Home > Blogs > VMware VROOM! Blog > Tag Archives: vGPU

Tag Archives: vGPU

Performance Comparison of Containerized Machine Learning Applications Running Natively with Nvidia vGPUs vs. in a VM – Episode 4

This article is by Hari Sivaraman, Uday Kurkure, and Lan Vu from the Performance Engineering team at VMware.

Performance Comparison of Containerized Machine Learning Applications

Docker containers [6] are rapidly becoming a popular environment in which to run different applications, including those in machine learning [1, 2, 3]. NVIDIA supports Docker containers with their own Docker engine utility, nvidia-docker [7], which is specialized to run applications that use NVIDIA GPUs.

The nvidia-docker container for machine learning includes the application and the machine learning framework (for example, TensorFlow [5]) but, importantly, it does not include the GPU driver or the CUDA toolkit.

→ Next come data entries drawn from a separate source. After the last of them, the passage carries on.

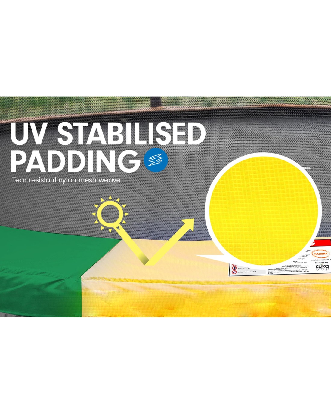 The padding cover of the trampoline is UV stabilised and has embedded nylon mesh, ensuring the padding will last for years under the harsh Australian sun.
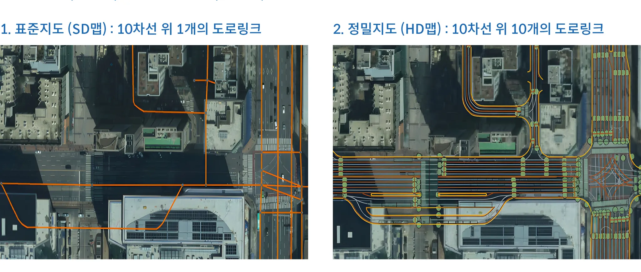 표준지도(SD맵)와 정밀지도(HD맵)의 도로링크 차이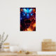 Modern Blue And Red Glowing Fantasy Dragon Graphic Poster

Docker containers are hardware agnostic so, when an application uses specialized hardware like an NVIDIA GPU that needs kernel modules and user-level libraries, the container cannot include the required drivers. They live outside the container.

One workaround here is to install the driver inside the container and map its devices upon launch. This workaround is not portable since the versions inside the container need to match those in the native operating system.

The nvidia-docker engine utility provides an alternate mechanism that mounts the user-mode components at launch, but this requires you to install the driver and CUDA in the native operating system before launch. Both approaches have drawbacks, but the latter is clearly preferable.

In this episode of our series of blogs [8, 9, 10] on machine learning in vSphere using GPUs, we present a comparison of the performance of MNIST [4] running in a container on CentOS executing natively with MNIST running in a container inside a CentOS VM on vSphere. Based on our experiments, we demonstrate that running containers in a virtualized environment, like a CentOS VM on vSphere, suffers no performance penlty, while benefiting from the tremenduous management capabilities offered by the VMware vSphere platform.

Experiment Configuration and Methodology

We used MNIST [4] to compare the performance of containers running natively with containers running inside a VM. The configuration of the VM and the vSphere server we used for the “virtualized container” is shown in Table 1. The configuration of the physical machine used to run the container natively is shown in Table 2.

vSphere  6.0.0, build 3500742
Nvidia vGPU driver 367.53
Guest OS CentOS Linux release 7.4.1708 (Core)
CUDA driver 8.0
CUDA runtime 7.5
Docker 17.09-ce-rc2

Table 1. Configuration of VM used to run the nvidia-docker container

Nvidia driver 384.98
Operating system CentOS Linux release 7.4.1708 (Core)
CUDA driver 8.0
CUDA runtime 7.5
Docker 17.09-ce-rc2

⇑ Table 2. Configuration of physical machine used to run the nvidia-docker container

The server configuration we used is shown in Table 3 below. In our experiments, we used the NVIDIA M60 GPU in vGPU mode only. We did not use the Direct I/O mode. In the scenario in which we ran the container inside the VM, we first installed the NVIDIA vGPU drivers in vSphere and inside the VM, then we installed CUDA (driver 8.0 with runtime version 7.5), followed by Docker and nvidia-docker [7]. In the case where we ran the container natively, we installed the NVIDIA driver in CentOS running natively, followed by CUDA (driver 8.0 with runtime version 7.5),  Docker and finally, nvidia-docker [7]. In both scenarios we ran MNIST and we measured the run time for training using a wall clock.

 Figure 1. Testbed configuration for comparison of the performance of containers running natively vs. running in a VM

Model Dell PowerEdge R730
Processor type Intel® Xeon® CPU E5-2680 v3 @ 2.50GHz
CPU cores 24 CPUs, each @ 2.5GHz
Processor sockets 2
Cores per socket 14
Logical processors 48
Hyperthreading Active
Memory 768GB
Storage Local SSD (1.5TB), Storage Arrays, Local Hard Disks
GPUs 2x M60 Tesla

⇑ Table 3. Server configuration

Results

The measured wall-clock run times for MNIST are shown in Table 4 for the two scenarios we tested:

  1. Running in an nvidia-docker container in CentOS running natively.
  2. Running in an nvidia-docker container inside a CentOS VM on vSphere.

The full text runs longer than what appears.